Patriotism has always been a powerful tool in war, used by the higher powers to charge up their troops. Captain America is the embodiment of this, his name is enough to make any full-blooded American fight by his side. The story of Captain America is a true comic book one: a super solider serum stolen from the Nazis during the war, used on Steve Rogers (a skinny, tiny American). Add in some genetic engineering and you get the perfect human specimen, displaying all the attributes one would expect from the perfect soldier: tall, strong, fast, agile with a tactical mind and loyal to his cause.
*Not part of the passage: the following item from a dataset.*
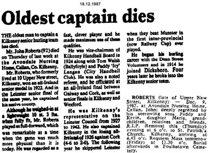 | JOHN T POWER | KILKENNY 1907, 11-13 | 1883-1982 | 98y 293d |
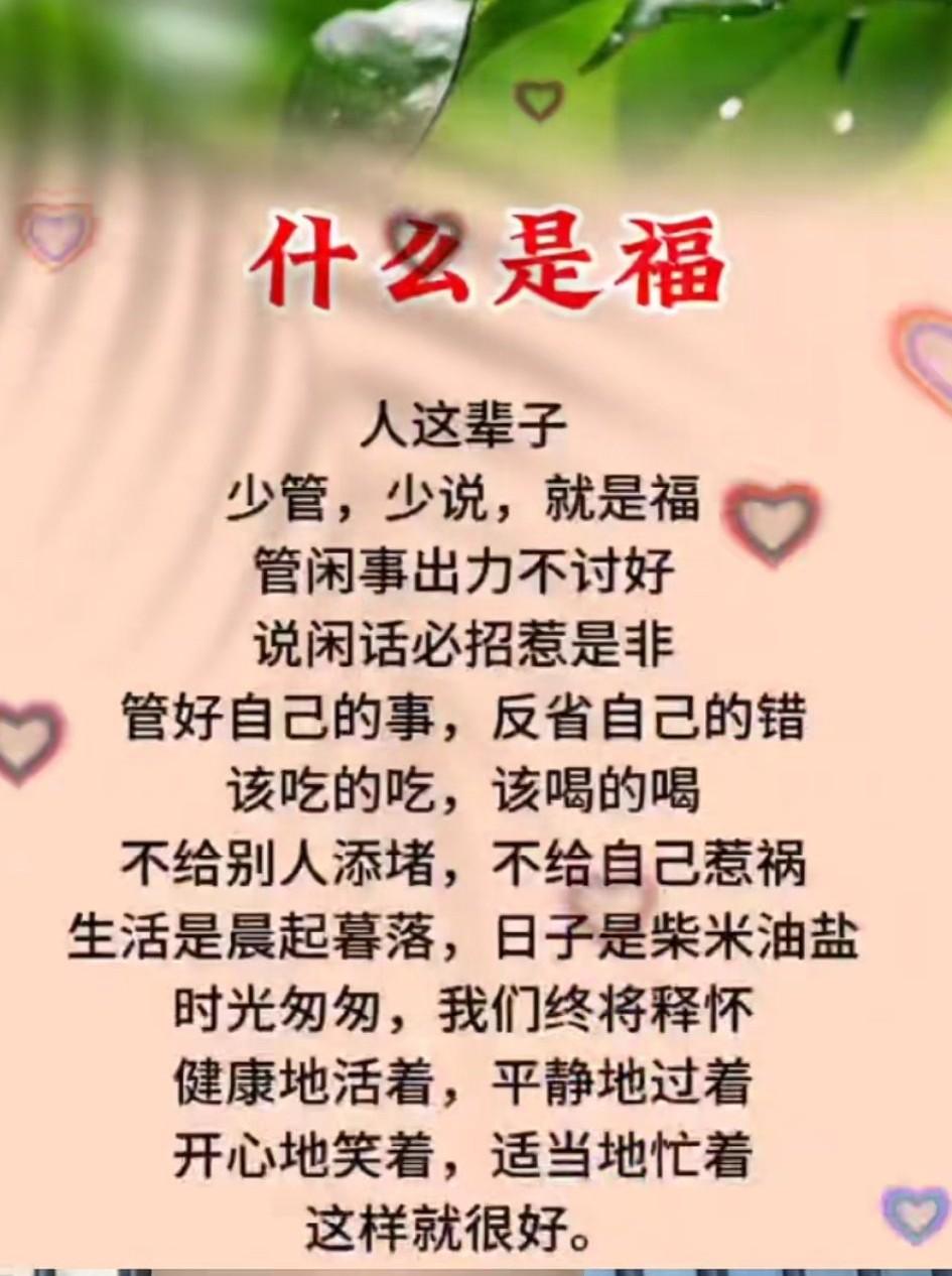 人生有三福: 健康是福, 平安是福, 吃亏是福。 若能修好这“三福”, 你一辈子都会很快乐, 很幸运,很幸福!

The game begins with you right in the thick of it in Europe in 1944 in a rain soaked trench. You walk around a bit, some Nazi grunts approach and then it’s time to let the ass kicking begin. The combat is based around your trusty shield (which we’ll get to later) combined with your fists, amazing agility and, not forgetting, your tactical mind (read ‘spidey sense’). You learn the basic moves first, with an on-screen tutorial helping you with the buttons. You have at your disposal, punch, throw, jump and shield throw. In the game you never use a gun at all (apart from occasional turrets) which made it somewhat unique from my perspective, and if you’ve got no gun, the combat system needs to be very good to make up for it. Sadly, it is not the best, however there is something pleasing in the way Cap jumps around on screen like a gazelle and punches and throws the Nazis. You can also string your moves together in combos which are a must for larger groups of enemies.
You can aviod oncoming strikes thanks to your tactical mind which slows time for a split second so you can dodge and launch a counter attack. For the larger enemies, you will need to have perfect timing to beat them and land a crippling blow. There are a few boss battles but these are not very hard, simply good timing is needed to avoid and counter. Later in the game you need to use your head as we as your shield to beat bosses, but I won’t ruin the mental agility for you. There are also upgrades to choose from but these are lacking because they are so simple, you can either upgrade your shield so it hits more targets, use more counters or get a shield charge move. You get these upgrades by collecting various Intel items, with heirlooms, eggs, files, film reels unlocking further backstory and other parts of the game. These extra parts include a challenge section where you have to beat different tasks – usually defeating a specific number of guards in a given time, or leaping around avoiding hits – to pass on to the next one, which, I have to admit, provide some simple fun.
We now get on to your famous shield. In the game it is used for killing, helping to solve puzzles, slide down wires and protect you from enemies. Cap looks great in the game as does your shield, gleaming in the light. I do have to say that once you throw it, however, the gleam goes away and becomes a bit blurry. I guess that’s to be expected. The graphics in the game are good, but not great. The enemies do look and sound good but the backgrounds sometimes appear blocky and the explosions don’t look that good. You will move from trenches to orchards, labs, sewers, mansions and cities. The detail in these places is good, but could have been much better. It seems a bit rushed, possibly.
The music is fine but not really of the Hollywood blockbuster standard. The sound effects are also fine, although some of the punches sound like someone hitting a pillow. The voice acting for Captain America is good and the Germans are very…German. There game even includes a puzzle element, but the tasks you’re set are very few and very easy. The decryption machine you need to use simply requires you to line up two sets of numbers. It’s so easy, even a child could do it.
Captain America: Super Soldier is let down in a big way by the lack of any multiplayer options; there isn’t even a co-op mode. Admittedly, the game’s focus is on creating a single player story, but after you’ve completed this and the challenges, there’s really no reason to play them again (unless you’re really desperate to play on a higher difficulty level) and the lack of multiplayer options hurts the game’s replay value.
Overall, I think Captain America: Super Soldier is a prime example of what games based on movies and comic books so often turn out to be. It has potential but never lives up to it. The slightly rushed feel to the game is indicative of the fact that it’s been released to coincide with the upcoming movie, and you feel that if the developers had been given a bit more time they could have made a much better game. It’s better than the previous Marvel outings, but still, Cap deserves better.